Saturday, April 28, 2007

Diggers

"Diggers" plays like the bad parts in a full season of a one-hour television drama series all mashed together than a well-edited, gripping feature. Sadly, the only digging going on here is literally for clams, and coins. The score (original music by David Mansfield) also screams "This guy is our friend, so we didn't have to pay for the rights. He's an insurance adjuster now."

The strong point of "Diggers" would be the honesty of the characters; aimless working class Long Islanders who live for sex, drugs and clams(?). But they are almost too human; thus, not always terribly interesting. Many of the scenes fall flat in this film, and leave one wondering why they weren't edited out, or better yet, why they were ever filmed to begin with.

The writer (Ken Marino), and director (Katherine Dieckmann) don't seem to be interested in maintaining any sort of theme, or thread to the story. Vaguely, it all revolves around the death of Hunt's (Paul Rudd), and Gina's (Maura Tierney) father; a clammer who made a decent living before the "South Shell" dynasty came into town. His death (hardly) functions as a catalyst for Hunt's friends, who are also a younger generation of clammers. Hunt's father symbolizes the death of the full-time, breadwinning clammer, and this is supposed to evoke an onslaught of adjustments.

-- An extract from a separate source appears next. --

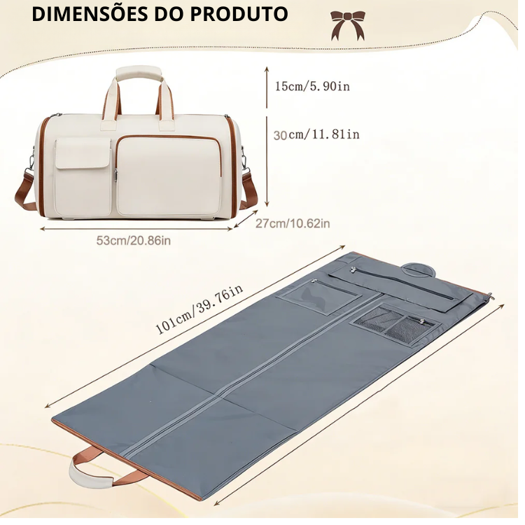 Viaje com mais organização, proteção e elegância. Garanta agora a sua Bolsa 3 em 1 e transforme sua forma de viajar!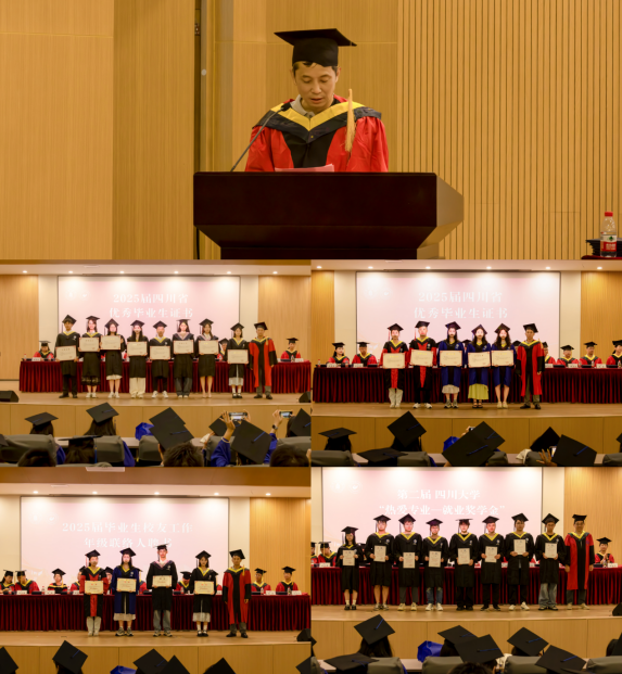 学院党委书记李天富宣读了《新葡的京集团8814vip2025届省优秀毕业生名单》《2025届毕业生校友工作年级联络人聘任决定》和《四川大学热爱专业—就业奖学金》表彰文件。李书记和彭院长一同为获奖学生颁发证书。

The problem with all this supposed "change" is nobody seems to have any difficult decisions to make. Should we sit around, whine about the new corporation in town, and do drugs all day; or try to do something functional with our lives? Gee, I'm not sure; let's pop some pills, and think about this.

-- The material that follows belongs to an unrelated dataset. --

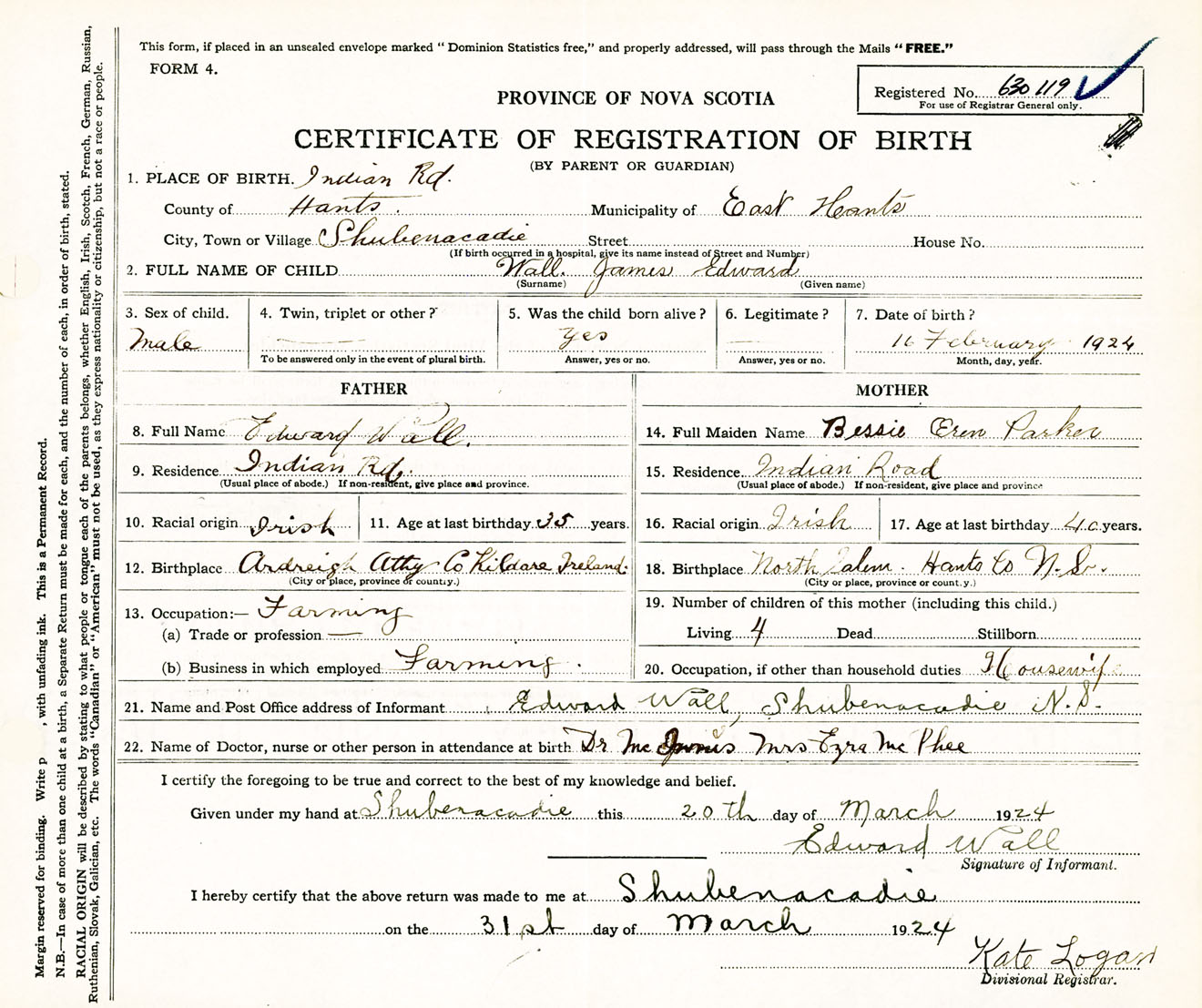 Male Birth Registration: Year: 1924 number: 63000119

Also, if a writer or director chooses to make a character-driven film shouldn't the characterss be involved in complicated, and mysterious relationships? Sixteen year olds have friendships of this magnitude, but you'd think thirty-six year olds would have evolved into something deeper, perhaps something capable of evoking discomfort, or at least bigger change. But not these guys, not much has changed for them since high school, and so the decisions they're faced with are as complicated as that of a recent college graduate who functions at the pace of a sedated turtle. The tagline is "No one can drift forever," but you can't help but wonder if they're sure about this.

1 comment:

Homdollar said...

I like that you said the movie was "too human".